Perhaps the only thing related to K-12 education that Ohio's governor and lawmakers aren't talking about "fixing" is the State Teachers Retirement System (STRS) (see here). That's odd, as few things are more out-dated, cost-laden and in need of reform than public pension systems.
None of STRS's problems have changed in the two years ago since we pointed them out in our report Golden Peaks and Perilous Cliffs: Rethinking Ohio's Teacher Pension System (see here). The STRS system is still opaque, costly, encourages early retirement, hinders mobility, and backloads teacher compensation from early in a career to the very end. And according to the system's latest annual report (which covers July 2007 through June 2008) the financial health of the system is worsening (see here). As the economy has melted down STRS's unfunded liability has topped $18 billion (up $3.7 billion from the previous year). As this liability has increased, so has its amortization period, up from 26.1 years in 2007 to 41.2 years in 2008 (despite state law requiring an amortization period of no more than 30 years).
STRS says its troubles are due to "investment returns being less than expected, retirees living longer and payroll growth being less than expected." The Wall Street collapse has only made matters worse. Also, retirees are not going to start dying younger and teachers are not going to willingly retire later when the incentives favor them retiring in their mid-50s.
Many individuals and families have seen the values of their 401(k)s plummet over the last year, and many of us have had to adjust our expectations accordingly.

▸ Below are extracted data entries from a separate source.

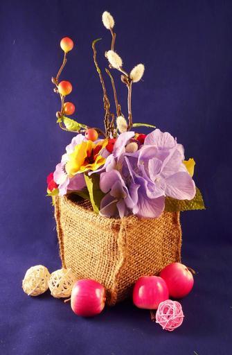 Keywords: flowers baskets blossoms fruits appled red purple blooms plants flowering brown bags arrangements arranged decorative ornamental bunch bouquet romantic fresh blue backgrounds still life decor wedding celebrations gifts
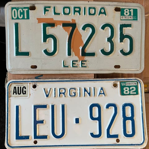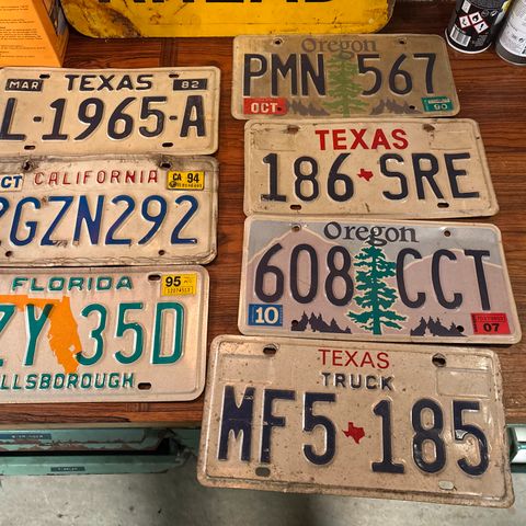 Fin serie av 7 stk. original bilskilt fra Wyoming USA 1967-73. Skilt fra 1967 er solgt. Skiltene er 30x15cm. Pris kr. 300 pr.stk.
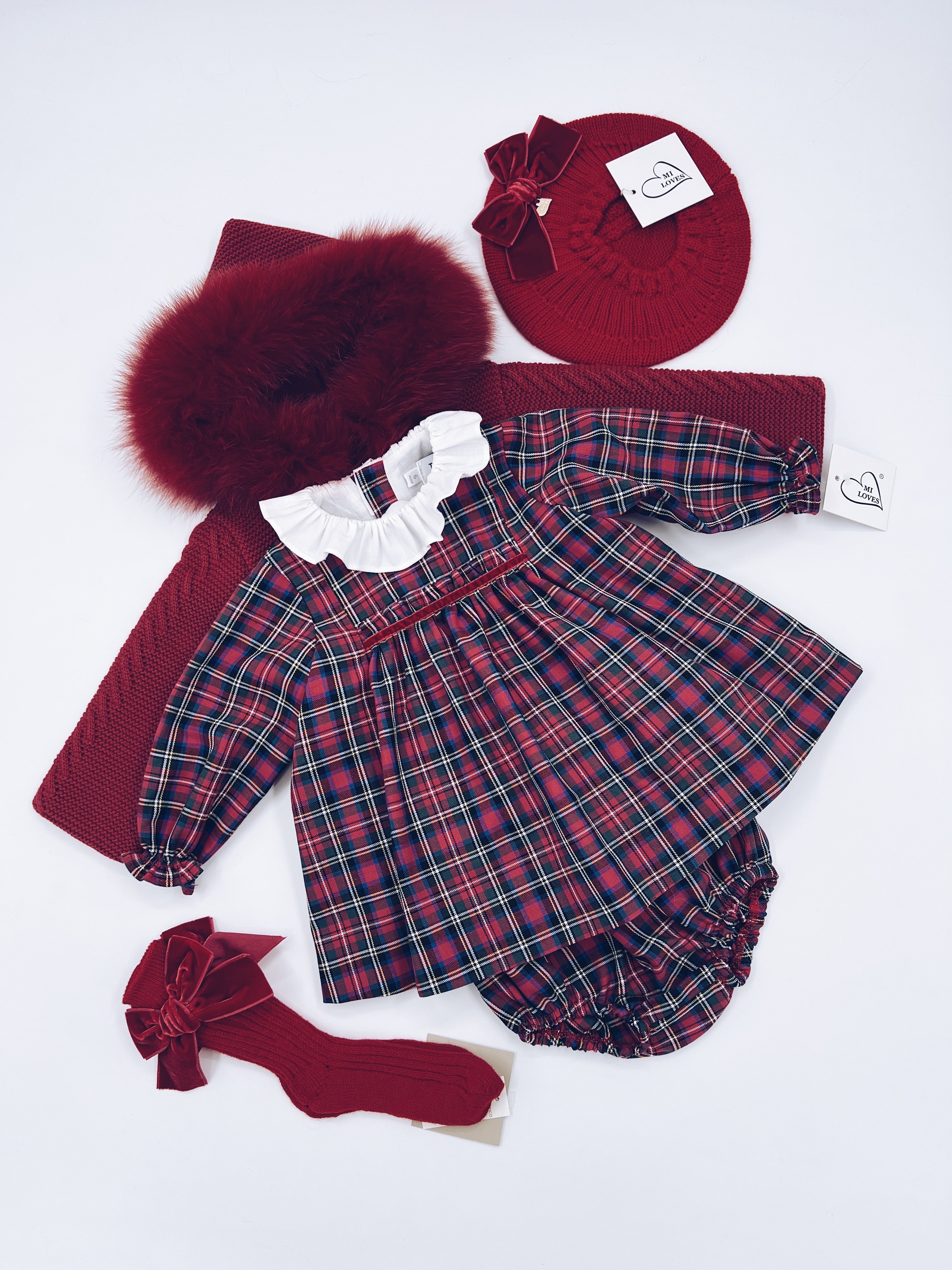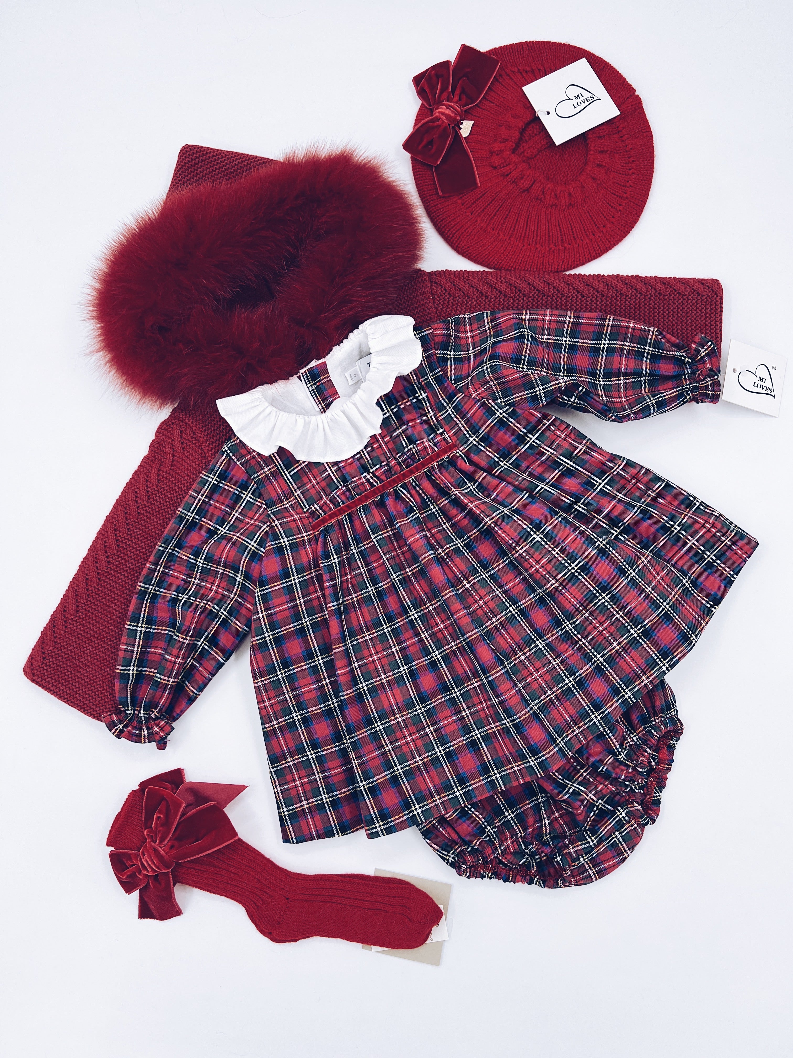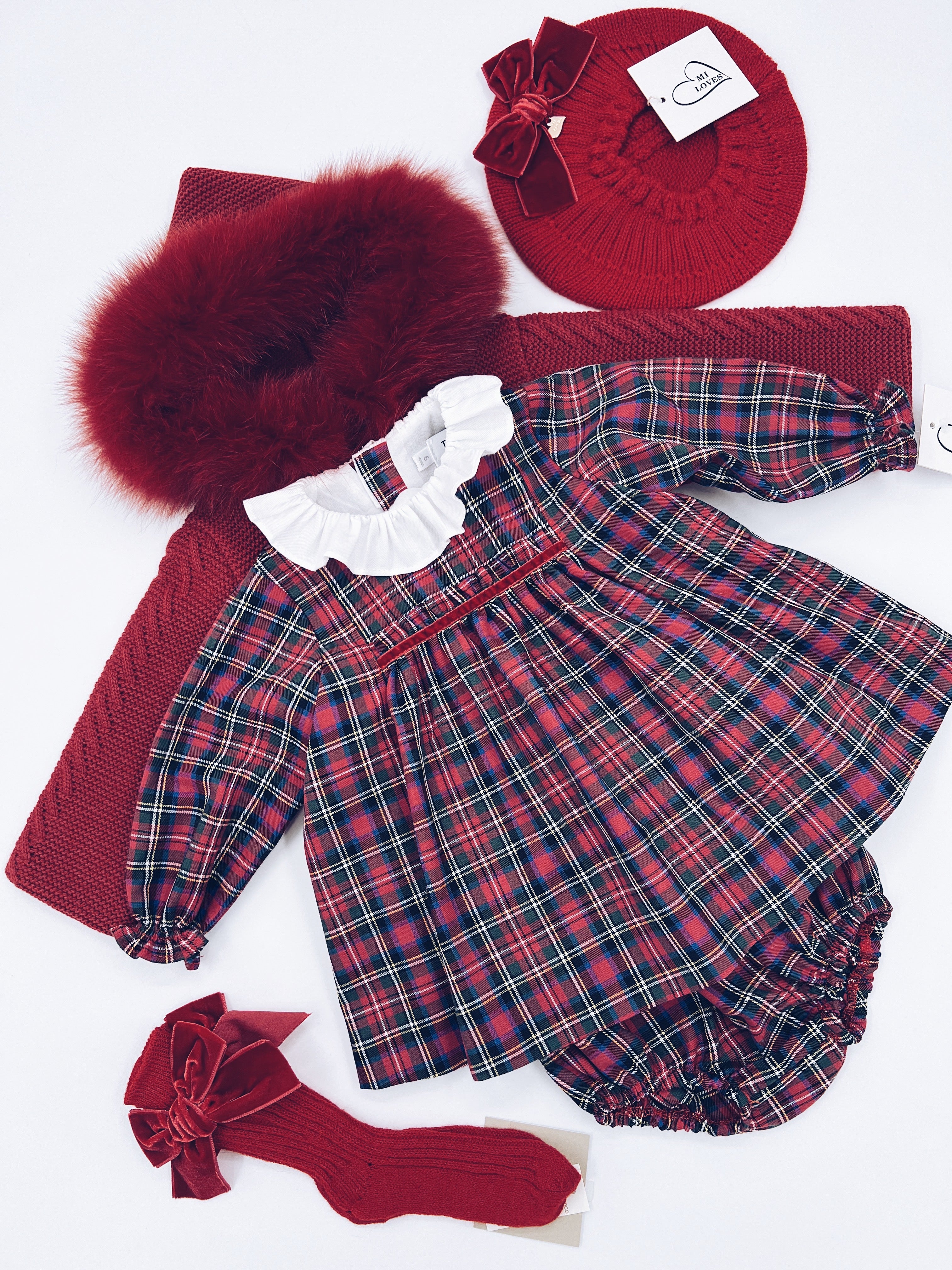 Beautiful Red tartan Dress/Bloomers 2 piece set with white frilly neck details.

Teachers and other public sector employees do not have to do this in Ohio, or most other states, because their retirement benefits are guaranteed by the state. No matter how bad the public pension investments tank, the only ones who will take any of the hit will be taxpayers.
We wonder what taxpayers will think of a move to raise taxes and divert hundreds of millions or a couple of billion in "education" money to the STRS and other state retirement systems so folks can continue to retire in their mid-50s while the rest of us look at working until our 70s?
Public pensions are such a serious issue that economists got together last month at Vanderbilt University to discuss them (see here). Well before the financial meltdown, roughly 40 percent of the major teacher pension plans, nationally, were short of cash. Public pension funds are generally considered in OK shape when their assets are roughly 80 percent of liabilities. But Jay Greene, of the University of Arkansas, who attended the Vanderbilt meeting, points out that those supposedly solid pensions assume eight percent returns (see here).
No responsible financial manager ought to be banking on that. Greene agrees. He says it makes more sense to gauge growth, and presumably future pension payments, on the risk-free rate of long-term U.S. Treasury bonds. They are currently earning a little less than four percent. Assuming a four percent return, a teacher pension that would have been 70-percent funded at eight percent would drop to 44-percent funded.
To get a significantly higher return requires a lot more risk, but the gamble is, ultimately, with taxpayer money.
When the inevitable proposals surface for increasing pension contributions and making other changes to the system, the governor and legislature should seriously consider a redesign akin to what the federal government is starting to do for Social Security and Medicare.